I'm an emacs user. In the morning I fire up emacs and right away open up an eshell buffer. I prefer the eshell (M-x eshell) over the normal shell buffer due to its little perks like:
dylan:~/one/two/three/four/five$ cd .....
dylan:~/one
i.e.:
cd ... = cd ../..
cd .... = cd ../../..
It's the little things :).
Also, I like how when I'm in an eshell buffer and run grep, it opens the results in a new buffer and I can continue with whatever I'm doing.

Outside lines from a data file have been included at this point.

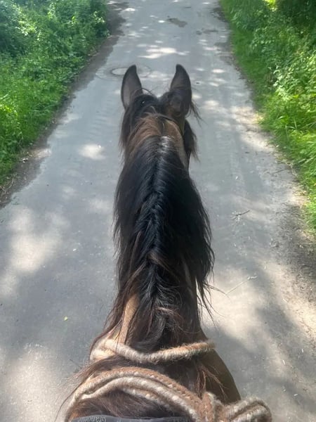 If everything fits, I am offering my 9-year-old part-bred Arabian mare in buckskin color for sale. She is a very refined horse, and I have only ridden her bitless so far. We have done a lot of groundwork and natural horsemanship. Otherwise, we mainly rode in the outdoors for leisure. I have also used her occasionally for therapeutic work. She can be very relaxed, but also as typical for Arabian horses, spirited and energetic. She also has the "turbo gait," meaning she is very fast and enjoys moving. She has always been kept in an open stall with me, and I would like this to continue for her. However, she needs a secure dry shelter, as she tends to be lower in the herd hierarchy and does not like standing in the rain. Alternatively, a paddock-box at night and pasture during the day would also be suitable for her. She is barefoot (I put hoof boots on her for rides in front) and has no problem with her hooves being handled. She has been regularly vaccinated, dewormed, and had her teeth checked annually. She also receives osteopathic treatment once or twice a year. Due to her generally high body tension, I occasionally give her small massages while grooming. Even if she can get quite lively, she is always very manageable on a long lead rope. Most recently, she was in a mare herd, but she is also familiar with mixed herds. She is not a heavy weight carrier; I would say she can comfortably carry up to 70 kg. I am only placing her in the best hands – this is not an emergency sale. She is also likely to pass on many different color genes. The last picture shows her sire, Paintabian "Shicco Ibn Shai." I have a specially fitted Deuber Jerez saddle in size S2 (Bückeburg model) for her, which can be purchased separately.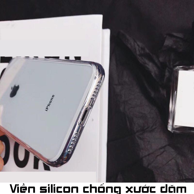 Ốp lưng kính cường lực, viền silicon chống va đập trong suốt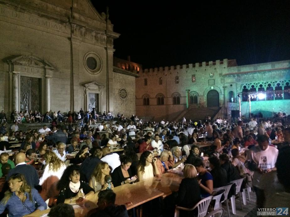 VITERBO (Fla. Lud.) – Un’inaugurazione col botto. La prima delle quattro sere dedicate alle cene organizzate in piazza San Lorenzo dai facchini di Santa Rosa ha registrato un vero boom di presenze. In tanti non hanno voluto mancare al primo degli ormai tradizionali appuntamenti che precedono il Trasporto del 3 settembre e, nonostante il tempo poco promettente, hanno gustato i piatti tipici preparati dalle sapienti mani delle donne del Circolo Giulio Selvaggini di Pianoscarano all’ombra di palazzo papale, contribuendo così alla raccolta fondi da destinare in beneficenza.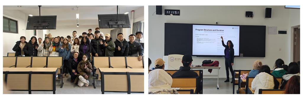 座谈结束后,澳大利亚昆士兰大学代表团与2024级中高计划食品健康与营养专业员工进行亲切友好见面,Sangeeta Prakash向员工生动介绍了昆士兰大学,让项目员工对今后在澳学习生活更加充满信心。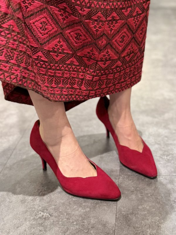 These late 1980s suede heels by Baldinini are sculpted crimson Italian pumps featuring a sharp V-cut vamp, pointed toe, and elegant mid-stiletto silhouette. A striking vintage piece perfect for eveningwear and bold feminine styling.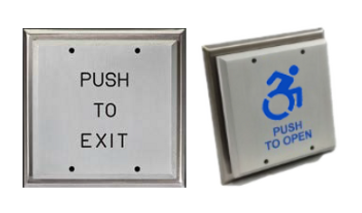 H-series push plate exit release models come in a variety of sizes, shapes and color options, with engraved button messages that include: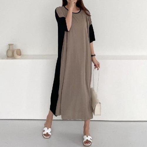 [엄지척]키큰 여자 코디 꾸안꾸 루즈핏 배색 원피스 편한옷_19869858_667501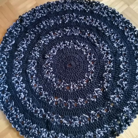 Pyöreä vaaleanpunainen matto, halkaisija 85cm, mennyt pesussa hieman kupruiseksi.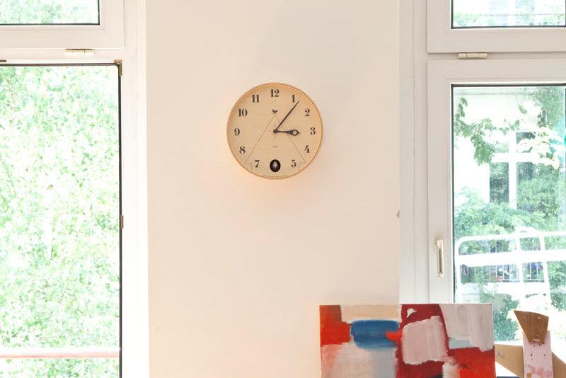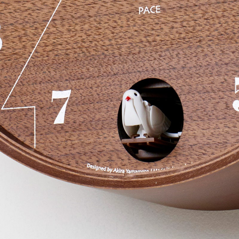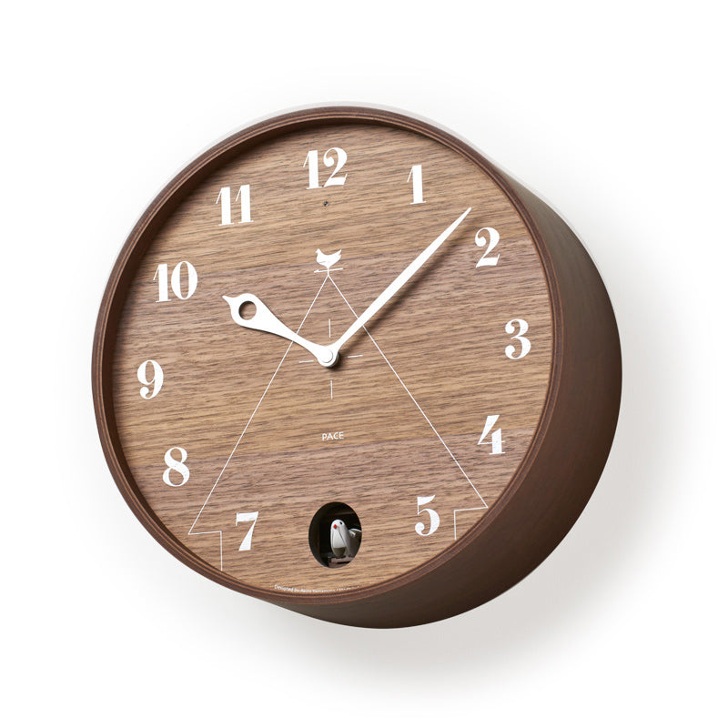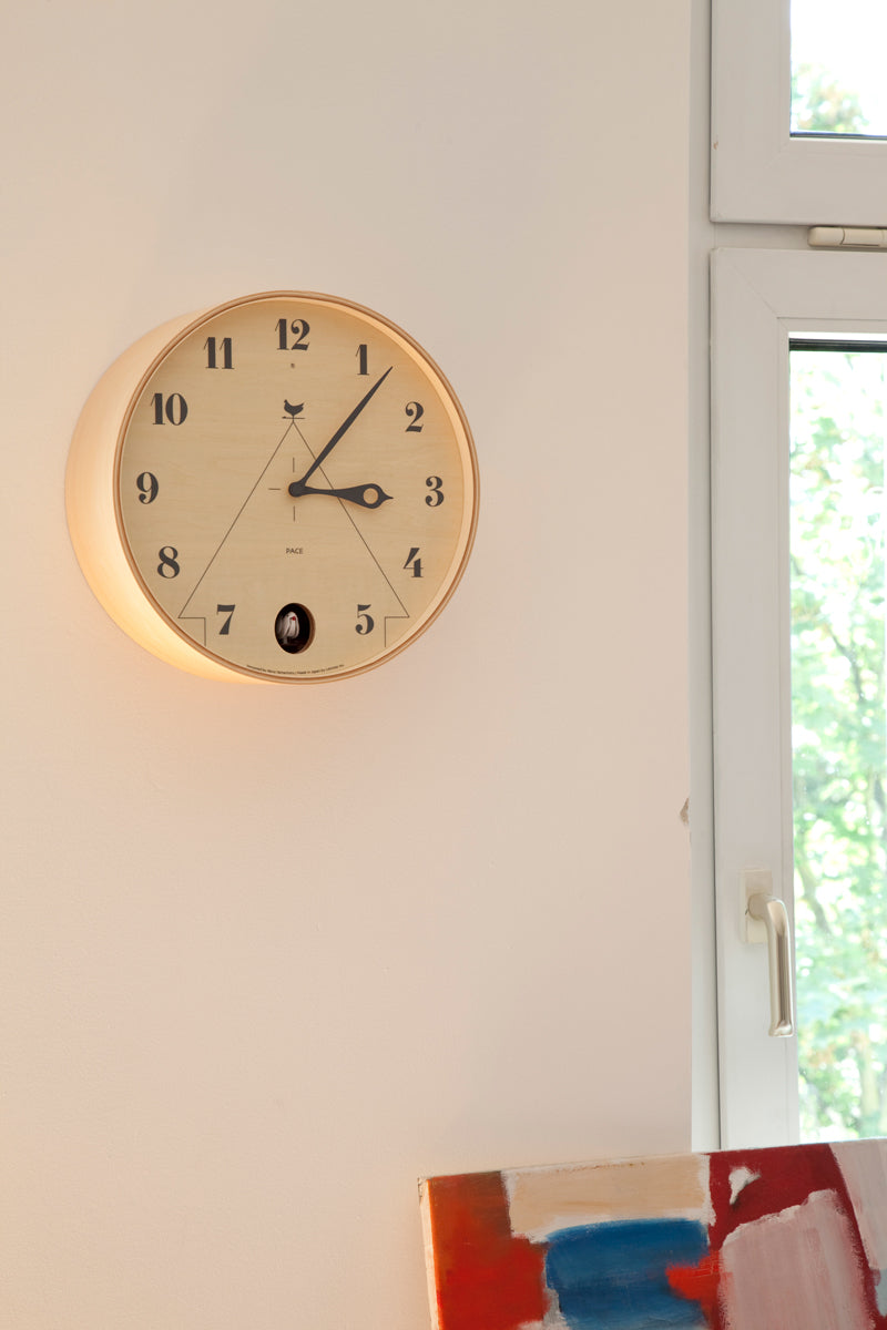 The PACE is an unconventional circular-frame cuckoo clock with the image of a birdhouse laid over the clock dial. Rendered in high-quality plywood and evoking the feel of a trompe-l’œil piece, the PACE is designed with a sense of fun in mind, from the cuckoo’s window placement in the 6 o’clock position to the bird figure motif of the clock hands.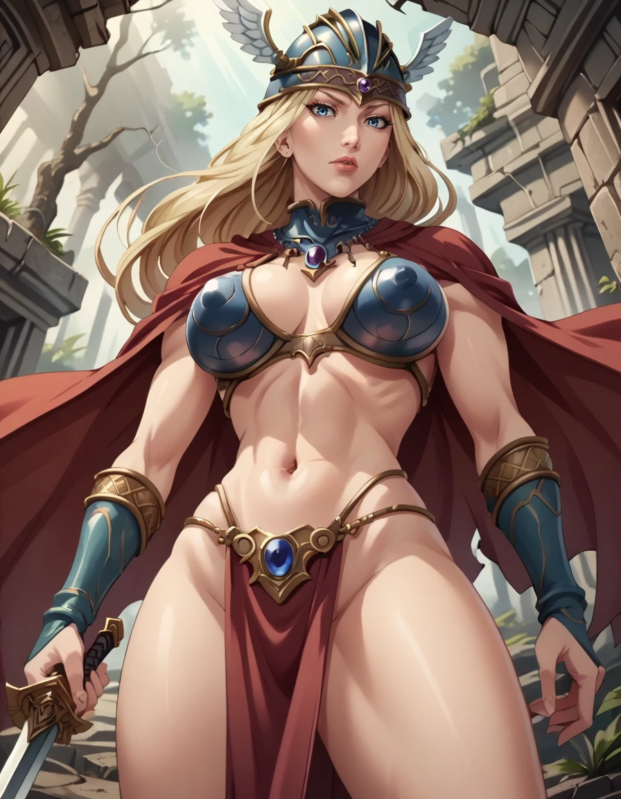cape, bridal gauntlets, winged helmet, sandals, bikini armor, pelvic curtain,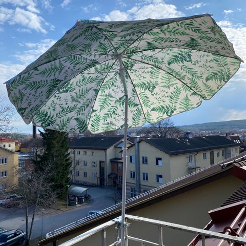 Parasolll med tilt i vit färg. Passar för användning i trädgård, på altan eller balkong för att ge skugga över sittgrupp eller bänk. Parasollet kan vinklas (tiltas) för att anpassa skuggan efter solens läge.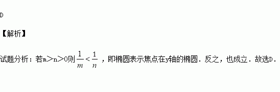 “m>n>0”是“方程表示焦点在y轴上的椭圆”的( )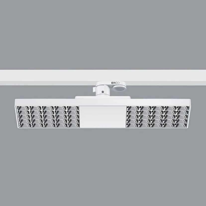 - Anti-glare louvre: plastic, aluminium-coated, silver, highly specular - with track adapter for ERCO three-circuit track, Hi-trac three-circuit track and single-circuit point outlet - standard-compliant glare control for VDU workstations: UGR < 19 - connected load: 19 W - with dimmable ERCO ballast - dimmable with rotary switch on the light or external dimmers (phase cut-off)

One thing that has been annoying me for a while, however, was that when I ran grep -r in an eshell buffer it would also search through .svn directories, giving me a lot of crud in my results. In a normal bash shell I got around this by adding this line to my ~/.bash_aliases file:
alias grep="grep --exclude=\*.svn\*"
But that didn't work in eshell, since it's not really a bash shell. Luckily, after looking around a little, I found instructions on how to do aliases in eshell. I added a file called ~/.eshell/alias with the following contents:
alias grep grep --exclude=\*.svn\* $*
After killing and reopening my eshell, all is good! No more .svn directories in my greps. You'll notice that the syntax for the aliasing in eshell is similar, but not equal to the bash syntax. It seems you don't need the '=' or the quotes, and also you need to explicitly reference the args with the '$*'.